Дворник отвернулся и принялся сосредоточенно возить метлой по земле.
«Шшшурх-шшухрх-шшухрх», – шелестела метла.
Невольно он начал подстраиваться под ритм песни.
«Шшшурх-шшухрх».
«Ландыши, ландыши».
«Шшшурх-шшухрх».
«Ландыши».
Он бы никогда себе в этом не признался, но сейчас он действительно завидовал двум старикам.
май 2008
Равновесие любви
Fato major prudencia
…Замирая в твоих объятиях, когда стихнет звон в ушах, когда заглохнет эхо моего долгого стона, отражающегося от стен квартиры, я все-таки решусь, уткнувшись тебе в плечо, рассказать все, или почти все. Рассказать глухо, не стыдясь и не прячась. Холодно констатируя факт, насколько это возможно в столь неподходящий момент. Но разве я единственная из тех кающихся своим любимым в грехе, который не грех, в обмане, который не обман, в боли, которая не боль, а честность, дающая право на беспредельную искренность двух людей, связанных постелью и горечью невозможного? Кающихся, еще храня в себе тепло недавней близости. Кающихся и торжествующих. Ведь очищение правдой, бесстыжей, болезненной и горькой, куда как светлее и правдивее тихой гадливой лжи, которое кричит гораздо громче, чем кажется тебе самой.

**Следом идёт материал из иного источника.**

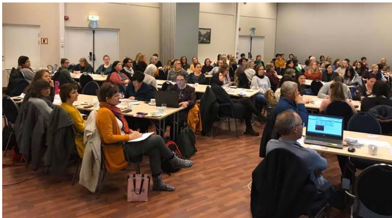
Foto fra samlingen.

Systematisk etisk refleksjon er systematisk utforsking av ein situasjon. Refleksjon hjelper oss til å sjå saka frå fleire side, få nye perspektiv. Identifisere verdier, ta begrunna og informerte avgjørsler. Derfor er det naturleg og sjå reforma og systematisk etisk refleksjon som ein god metode for endring, og implementering av gode tiltak.
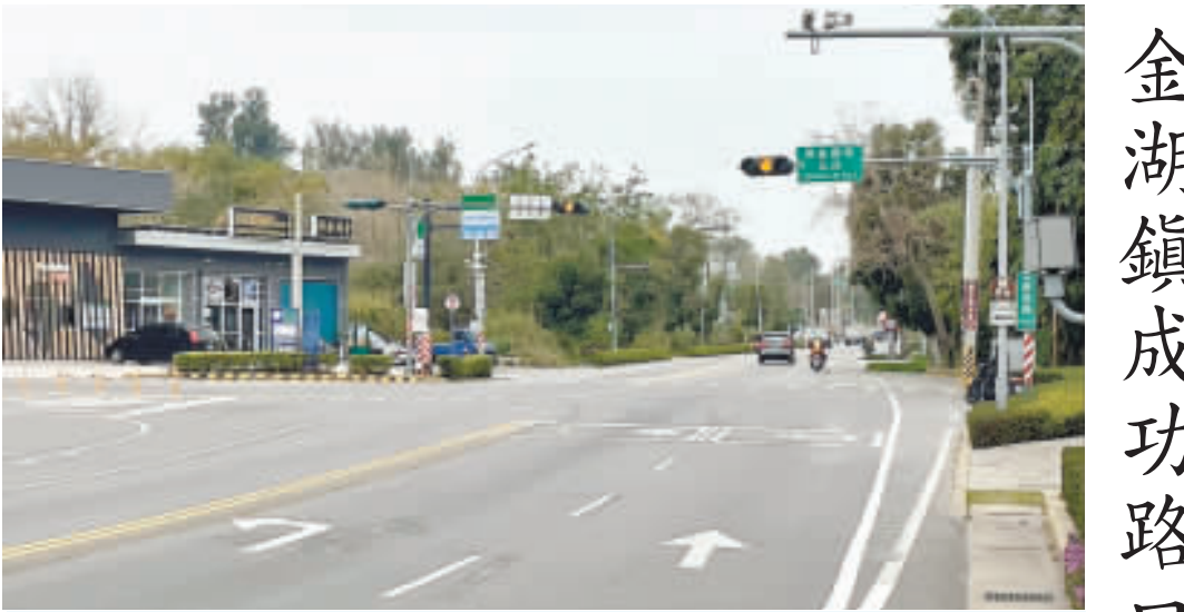
金湖鎮環島南路瓊徑路口，夏興往成功方向之車輛行駛動線，該路段增設左轉與直行車道分流，取消內側禁行機車及機車二段式左轉。

記者陳冠霖／綜合報導 縣府觀光處表示，為改善金湖鎮環島南路瓊徑路口，夏興往成功方向之車輛行駛動線，於該路段增設左轉與直行車道分流，取消內側禁行機車及機車二段式左轉，即日起並啟用路口綠燈早開時相，以改善行車交織之衝突。縣府表示，屢獲民意反映，該路段尖峰時段因左轉與直行同一車道，前方左轉車輛停車時造成後方車輛壅塞，進而降低道路之服務水準，參酌中央與各縣市，已有部分試取消機車兩段式左轉，爰邀集相關單位現勘並達成共識，環島南路成功路口於下坡路段實施車道分流，左轉車與直行車分道行駛，並取消機車二段式左轉，同時啟動綠燈早開時相，以緩解左轉與直行車輛之衝突。縣府呼籲駕駛人，行經該路段時，請確實遵循標誌、標線與號誌指示行駛，注意禮讓，共同維護行車安全。

Не желая задавать себе этот вопрос, я задаю его. Хотя понимаю, что останусь наедине с ним, пока он не растворится в бесконечной сутолоке бытия, ставящего проблемы куда как серьезнее, чем та, которую и проблемой считать я не могу, а ты – не имеешь права.
Измена или все-таки закономерность? Та правильность, от которой никуда не денешься в этом сладко-беспардонном мире, где самые яркие безумства становятся реальностью, а правила условны и зыбки?
И к тому же, когда это я каялась сама перед собой в том, что сделала? Мой поступок – это мое решение. Открещиваться потом от него не то, что глупость, а откровенная трусость.
Но все-таки, что двигало мной? Похоть или страсть? Первая порицаема, вторая – естественна и единственно возможна, когда нет ничего, кроме мужчины и женщины, тянущихся друг к другу и ищущих забвения в коротком всплеске кажущейся взаимности, где голос тела заглушает голос благоразумия. Хотя – какое тут может быть благоразумие, если я поступаю вопреки всему, в том числе самой себе? Или все таки нет – не вопреки?
Ведь я сотню раз говорила себе, что свободна. Свобода – не внешняя, а абсолютная, внутренняя, не сдерживаемая ни стенами комнат, ни домами городов, ни условностью границ – моя личная свобода, которой я горжусь и которую бросаю смятой дуэльной перчаткой в ненавистную морду холодной сдержанности, пьянит и отрезвляет одновременно. Пьянит – сейчас. Отрезвляет – потом. Но ради этого мгновенного "сейчас" рушатся империи и строятся религии. Что уж мне – одной песчинке в суматошном водовороте событий считаться с требованием тела, которое способно сломать любую теорию и любые правила?
И с какой фразы мне начать свою исповедь?
Твои руки, удивительно родные и горячие, скользят по моим плечам, спине, бедрам… Это знакомая прелюдия, после которой, отдохнув, мы обычно снова принимаемся ласкать друг друга с удвоенной страстью, словно боясь потерять. И сейчас – именно в этот момент – я осознаю, что потеря близка, как никогда. Все зависит от того, насколько я изучила тебя. От того, насколько я могу довериться тебе.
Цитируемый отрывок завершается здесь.